= Content engineering =

Content engineering is a term applied to an engineering specialty dealing with the complexities around the use of content in computer-facilitated environments.

Content authoring and production, content management, content modeling, content conversion, and content use and repurposing are all areas involving this practice. It is not a specialty with wide industry recognition and is often performed on an ad hoc basis by members of software development or content production or marketing staff, but is beginning to be recognized as a necessary function in any complex content-centric project involving both content production as well as software system development mainly involving content management systems (CMS) or digital experience platforms (DXP).

Content engineering tends to bridge the gap between groups involved in the production of content (publishing and editorial staff, marketing, sales, human resources) and more technologically oriented departments such as software development, or IT that put this content to use in web or other software-based environments, and requires an understanding of the issues and processes of both sides.

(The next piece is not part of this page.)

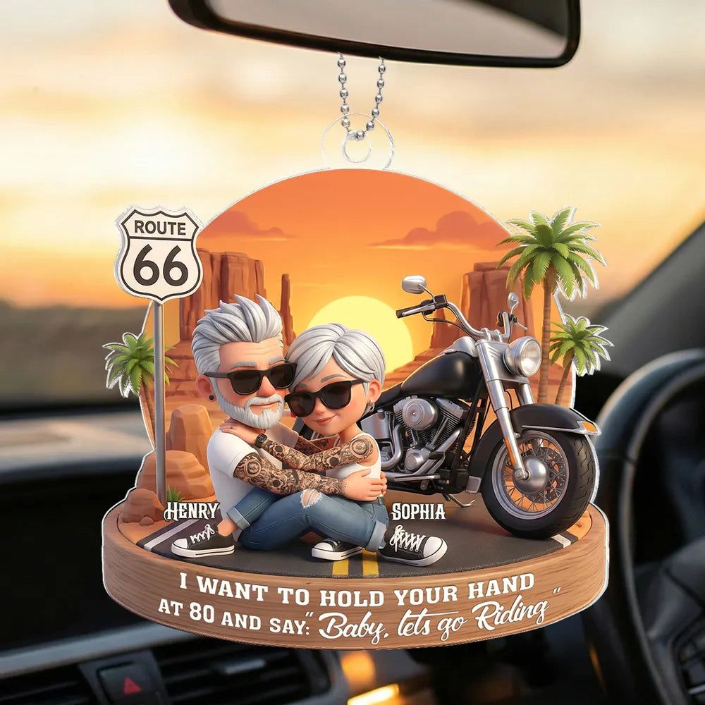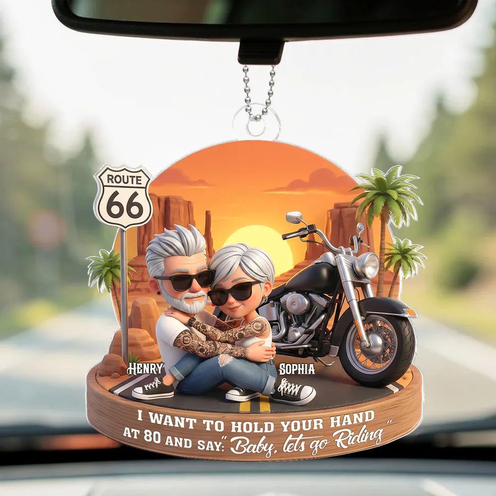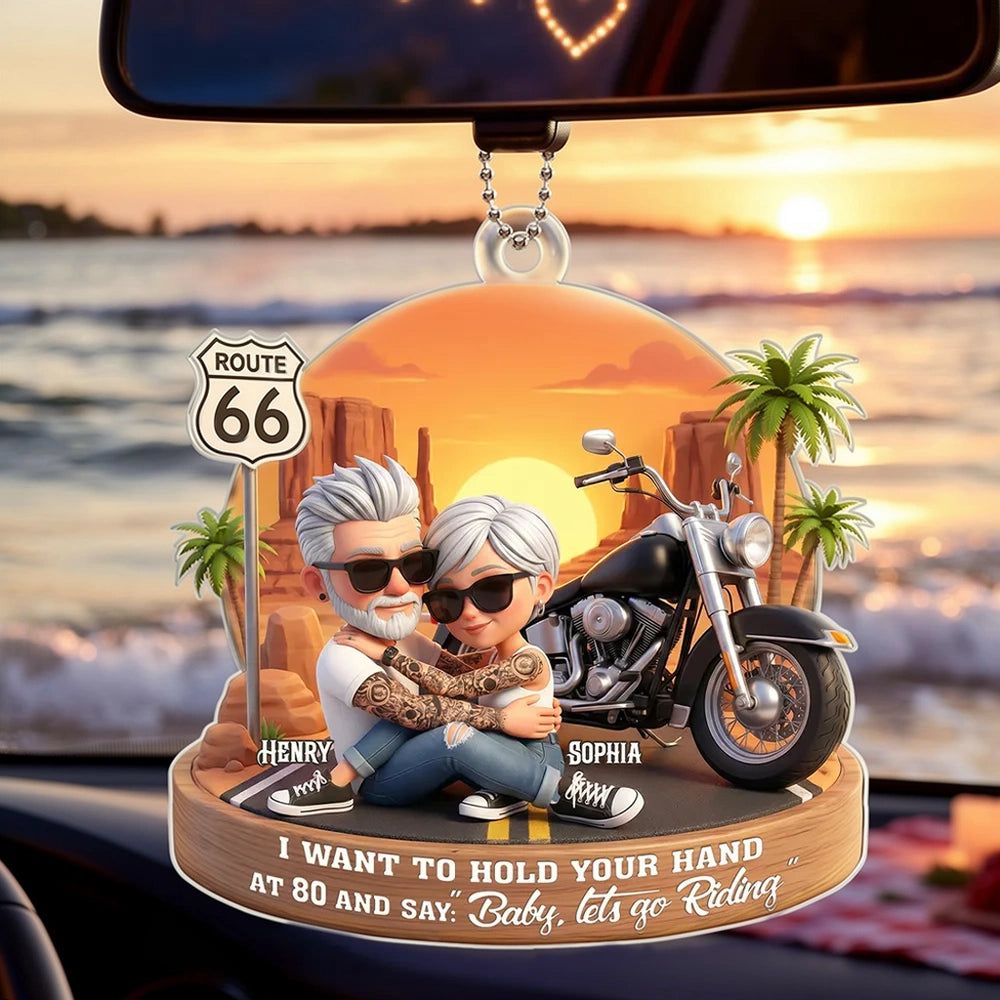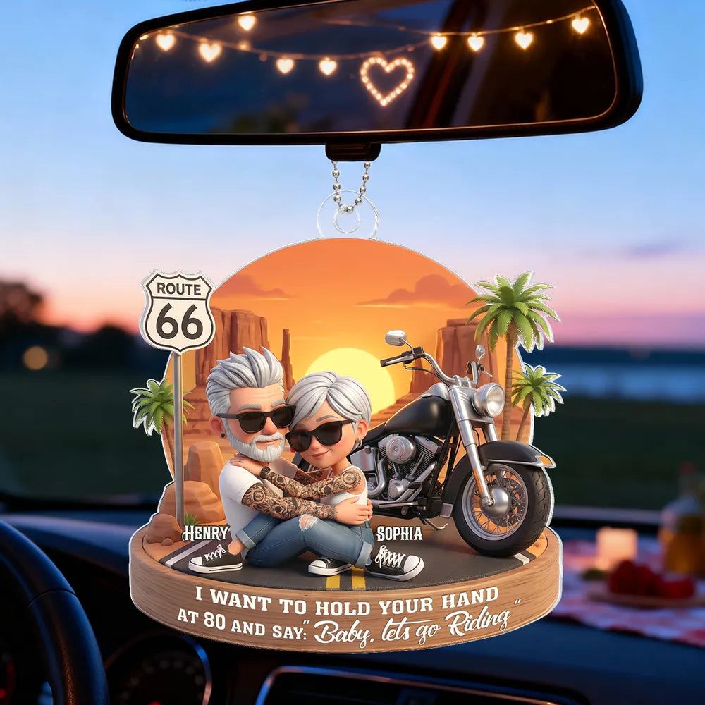 Custom-Acrylic Car Hanger Personalized Romantic Road Trip Scene Baby Let's Go Riding Quote -DIYTREE

Typically, content engineering involves extensive use of embedded XML technologies, XML being the most widespread language for representing structured content. Content management systems are a key technology often used in the practice of content engineering.

== Definition ==
Content engineering is the practice of organizing the shape and structure of content by deploying content and metadata models, in authoring and publishing processes in a manner that meets the requirements of an organization's Content Strategy, and its implementation through the use of technology such as CMS, XML, schema markup, artificial intelligence, APIs and others.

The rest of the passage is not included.